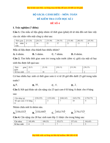 ĐỀ KIỂM TRA CUỐI HỌC KÌ 2 ĐỀ SỐ 4
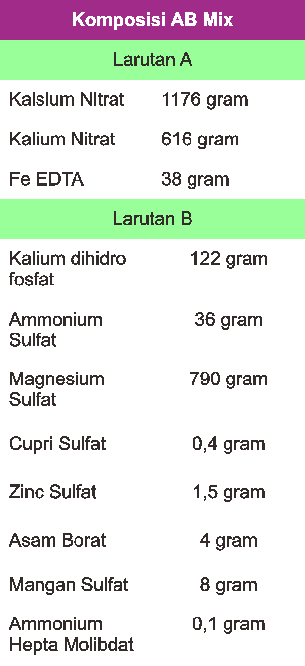 Nutrisi AB Mix terdiri atas komposisi mineral makro dan mikro. Informasi ini ada pada kemasannya.
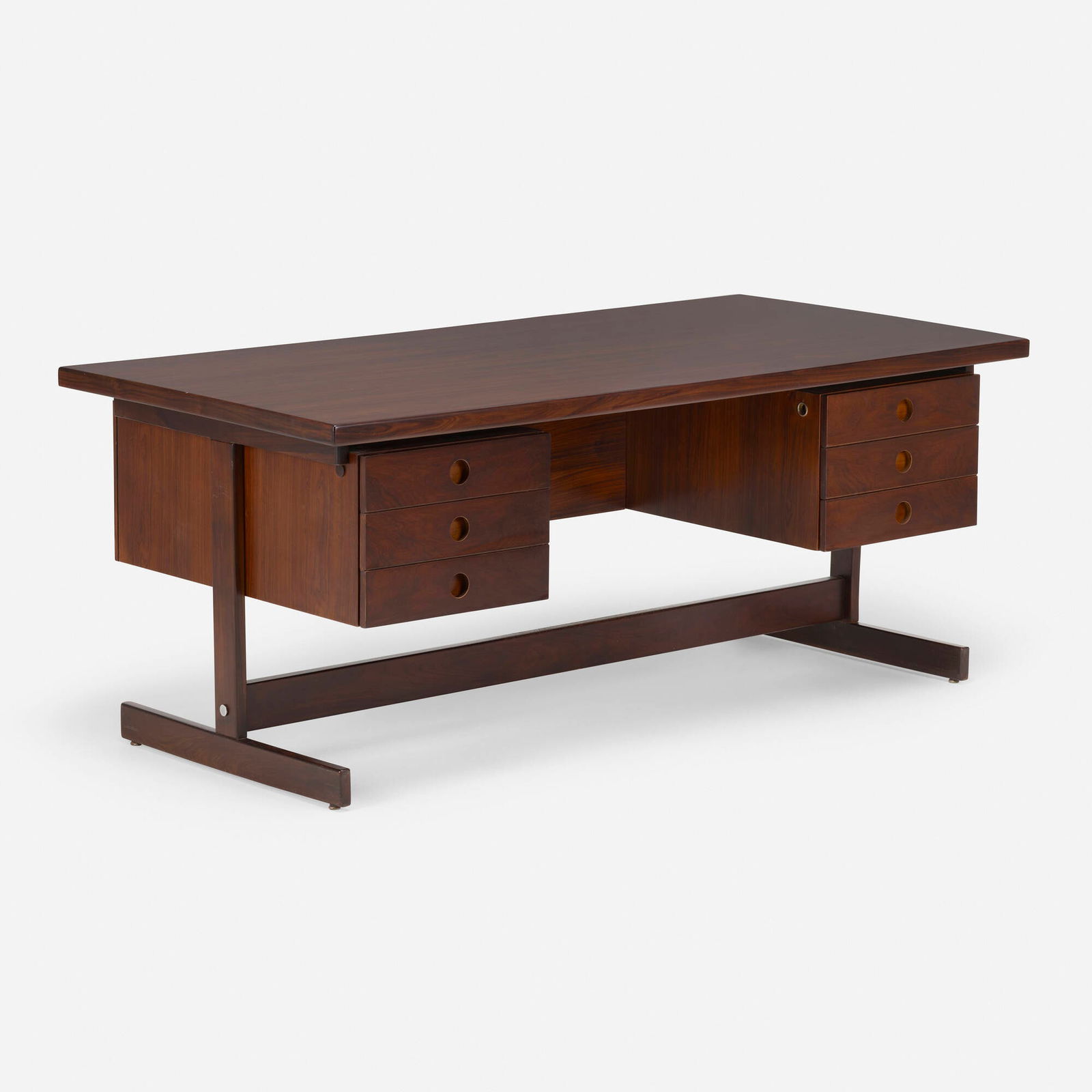 SoldSergio Rodrigues, Clara office deskSergio Rodrigues Clara office desk OcaBrazil, 1965jacaranda 29.25 h x 78.25 w x 35.25 d in (74 x 199 x 90 cm) Desk features six drawers. Provenance: Mercado ModerSee Sold Price
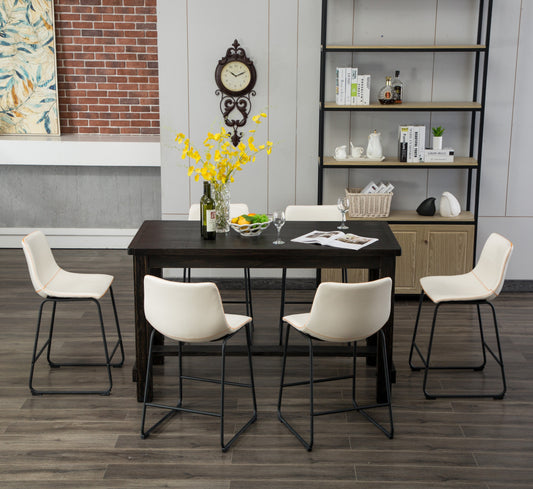 Bronco Antique Wood Finished Counter Height Dining Set: Table and Six Chairs, White
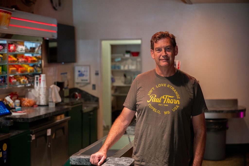 Crest Theater Owner and Manager Robert “Bob” Emerick at the concession stand on Tuesday, Sept. 23. (Photo by Cristian Gonzalez)
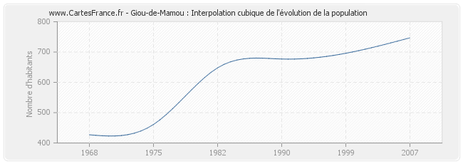 Cette courbe reprend l'historique de la population de Giou-de-Mamou de 1968 à 2007 en interpolation cubique. Ceci permet d'obtenir plus précisément la population de la commune de Giou-de-Mamou les années ou aucun recensement n'a été effectué.
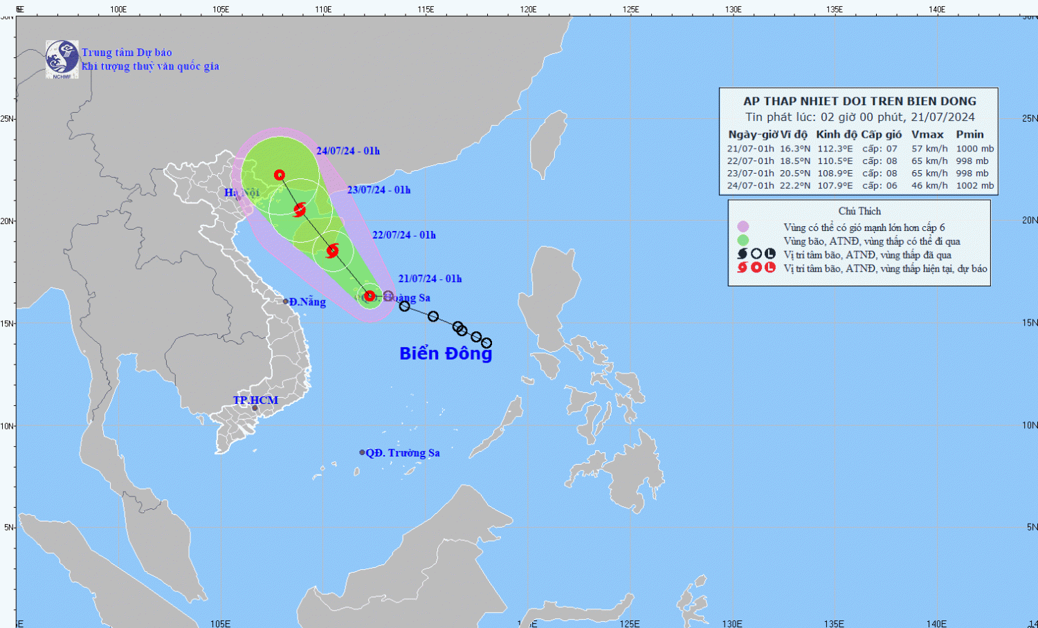 Hồi 01 giờ ngày 21/7, vị trí tâm áp thấp nhiệt đới ở vào khoảng 16,3 độ Vĩ Bắc; 112,3 độ Kinh Đông, trên vùng biển quần đảo Hoàng Sa. Sức gió mạnh nhất vùng gần tâm áp thấp nhiệt đới mạnh cấp 7 (50-61km/h),

-*-

Your assignment ->
Output all the records above again exactly, with the pictures dropped.

Answer ->
 ĐỀ KIỂM TRA CUỐI HỌC KÌ 2 ĐỀ SỐ 4
 Nutrisi AB Mix terdiri atas komposisi mineral makro dan mikro. Informasi ini ada pada kemasannya.
 SoldSergio Rodrigues, Clara office deskSergio Rodrigues Clara office desk OcaBrazil, 1965jacaranda 29.25 h x 78.25 w x 35.25 d in (74 x 199 x 90 cm) Desk features six drawers. Provenance: Mercado ModerSee Sold Price
 Bronco Antique Wood Finished Counter Height Dining Set: Table and Six Chairs, White
 Crest Theater Owner and Manager Robert “Bob” Emerick at the concession stand on Tuesday, Sept. 23. (Photo by Cristian Gonzalez)
 Cette courbe reprend l'historique de la population de Giou-de-Mamou de 1968 à 2007 en interpolation cubique. Ceci permet d'obtenir plus précisément la population de la commune de Giou-de-Mamou les années ou aucun recensement n'a été effectué.
 Hồi 01 giờ ngày 21/7, vị trí tâm áp thấp nhiệt đới ở vào khoảng 16,3 độ Vĩ Bắc; 112,3 độ Kinh Đông, trên vùng biển quần đảo Hoàng Sa. Sức gió mạnh nhất vùng gần tâm áp thấp nhiệt đới mạnh cấp 7 (50-61km/h),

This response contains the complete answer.